Oxygen is a critical resource in hospitals, especially during the COVID-19 pandemic, where it was used to treat patients with respiratory symptoms. Hospitals employ various methods to ensure a steady supply of oxygen for their patients. One common method is the use of large tanks produced by factories that supercool air into liquid form, separate the oxygen layer, and store it under high pressure. This process is expensive and requires adequate safety measures to prevent accidents. Alternatively, hospitals may use concentrators and generators, which filter nitrogen from the air to produce oxygen.
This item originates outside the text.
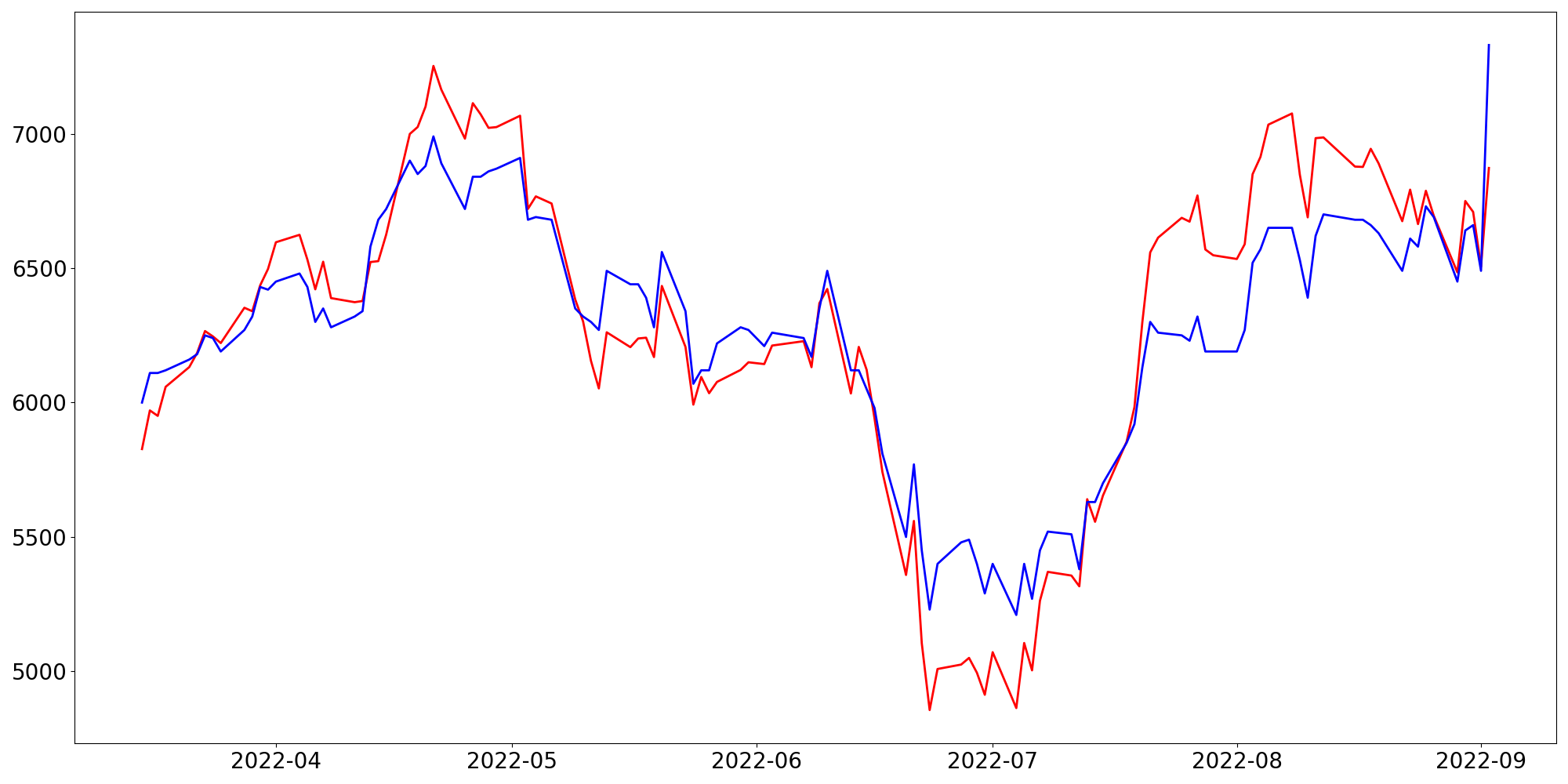 [ - : 실제값(종가) / - : 예측값(종가) ]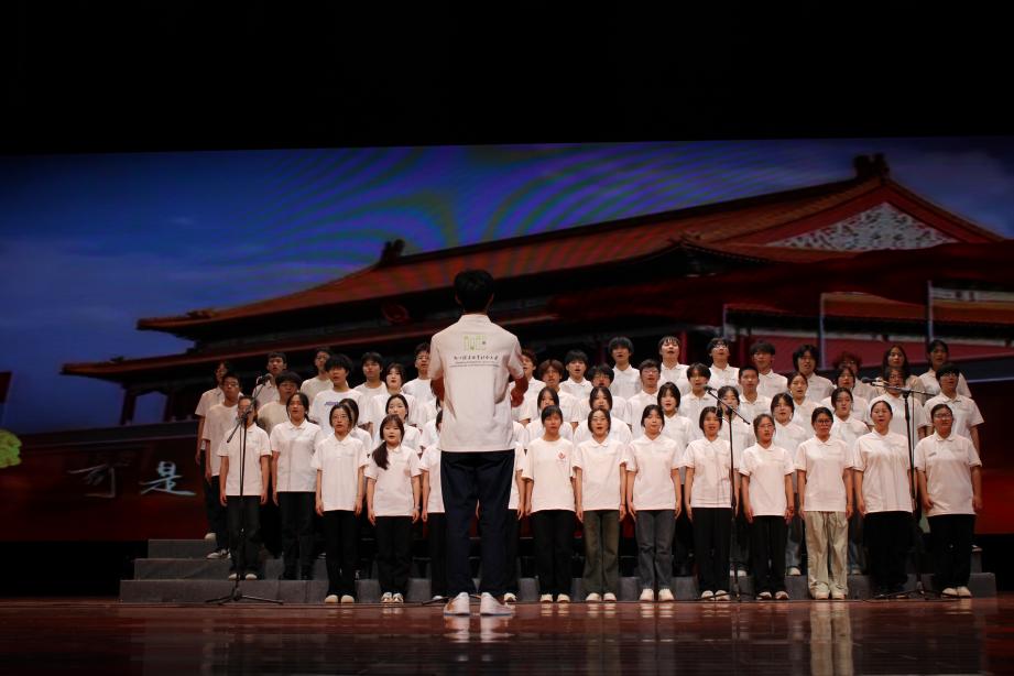 他们身着军装,歌声犹如出征的战鼓目出了古往今来英雄们对家国的忠诚与担当。同学们目光坚定,身姿挺拔,那磅礴的气势仿佛要冲破时空的界限,与历史上的爱国志士并肩作战。

These devices can be bedside-sized or large enough to supply pipelines or fill cylinders. While they provide a cheaper and continuous oxygen supply, they rely on a stable power source to function.

Characteristics Values
How is oxygen produced for hospitals? Large tanks of oxygen are produced by factories that supercool air into liquid form, separate the oxygen layer, and store it under high pressure.
Oxygen can also be produced by concentrators and generators, which filter nitrogen out of the air to provide medical oxygen.
How is oxygen supplied to patients? Oxygen cylinders with open valves.
Nasal cannulas for low to moderate concentrations of oxygen.
Oxygen shortages During the COVID-19 pandemic, people died because they couldn't access oxygen treatment.
Only 58% of general hospitals in LMICs have adequate oxygen supplies.
Bias in pulse oximeters that overestimate oxygen levels in darker-skinned patients can also lead to oxygen shortages for those patients.
Impact of power outages Power outages should not stop the flow of oxygen supplies to those reliant on medical devices.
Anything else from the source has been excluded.